On Tue, Feb 04, 2025 at 10:14:10AM +0100, Lukas Wunner wrote:
> On Tue, Feb 04, 2025 at 01:37:58PM +0800, Feng Tang wrote:
> > There was a irq storm bug when testing "pci=nomsi" case, and the root
> > cause is: 'nomsi' will disable MSI and let devices and root ports use
> > legacy INTX inerrupt, and likely make several devices/ports share one
> > interrupt. In the failure case, BIOS doesn't disable the PCIE hotplug
> > interrupts, and actually asserts the command-complete interrupt.
> > As MSI is disabled, ACPI initialization code will not enumerate root
> > port's PCIE hotplug capability, and pciehp service driver wont' be
> > enabled for the root port to handle that interrupt, later on when it is
> > shared and enabled by other device driver like NVME or NIC, the "nobody
> > care irq storm" happens.
> >
> > So disable the pcie hotplug CCIE/HPIE interrupt in early boot phase when
> > MSI is not enbaled.
>
> So I think this issue should go away if disabling the interrupt
> by portdrv is no longer conditional on
>
> (pcie_ports_native || host->native_pcie_hotplug)
>
> like I've just proposed here:
>
> https://lore.kernel.org/r/Z6HYuBDP6uvE1Sf4@xxxxxxxxx/
>
> ... in which case this patch won't be necessary. Can you confirm that?

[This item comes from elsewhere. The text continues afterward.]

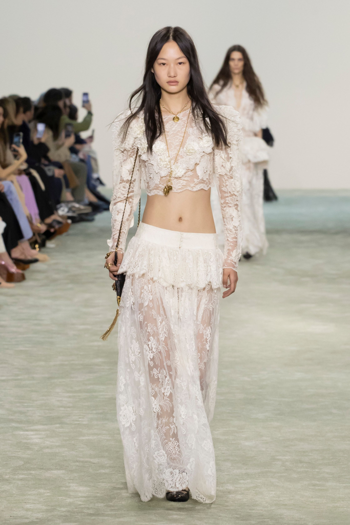 Showcasing a stunning evolution of boho-chic dressing, infused with a romantic flair, highlights at Chloé included ivory or peach silk blouses with broad don’t-messwith- me shoulders, commanding sleeves, gathers galore and meaty cuffs, giving them the oomph of jackets, alongside some delicate lace dresses with frothy peplums pivoting at the hip. Retro elements were also present, like Chloé-branded belts resting low on maxi skirts and faux-fur tails swaying from garments like playful charms.
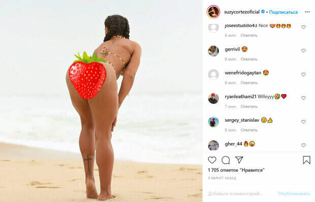 Девушка для социальных сетей добавила черную полоску, чтобы не попасть под цензуру. Об этом пишет Politeka.net со ссылкой на страничку знаменитости. "Доброй ночи", - подписала кадр звезда в Инстаграм. Фанаты поставили более 5 тысяч лайков и написали комментарии: "Барби Сьюзи Кортес", Ммм, как очень богатая перед фанатами", "Чудненько выглядишь на фото!!", "Потому что она исчезла из Facebook красивой спиной", "Сестра для Бога", "Спокойной ночи красивая", "Обанкротиться ... и скоро", "спокойной ночи малыш от твоего друга Герардо, мне нравится твое фото, да, любовь". Сообщалось, что популярная модель Сьюзи Кортез кокетливо наклонилась в купальнике-бикини. На фото Кортез позирует на берегу моря в открытом купальнике-бикини. Она стоит к зрителям спиной, поэтому разглядеть можно только его завязочки. Для более удачного ракурса Сьюзи кокетливо наклонилась вперед, оттопырив назад свою главную гордость. Напомним, хозяйка самых красивых ягодиц раззадорила видом в прозрачных трусиках А еще Politeka писала, что хозяйка самых красивых ягодиц устроила встряску ради "титула" в эффектном мини Также Politeka сообщала, что хозяйка самых красивых ягодиц показала свою гордость до неприличия близко

Thanks for the suggestion! I will try to get the platform for test,
and report back.

As for the change,
+ if (!IS_ENABLED(CONFIG_HOTPLUG_PCI_PCIE))
+ pcie_capability_clear_word(dev, PCI_EXP_SLTCTL,
+ PCI_EXP_SLTCTL_CCIE | PCI_EXP_SLTCTL_HPIE);

The CONFIG_HOTPLUG_PCI_PCIE is always enabled on our platform and many
distros, I guess the check needs to be removed, which sees the 1 second
waiting again, and need the waiting logic in 1/2 patch?

Thanks,
Feng

>
> You can split the change I've proposed into two patches if you like.
>
> Thanks,
>
> Lukas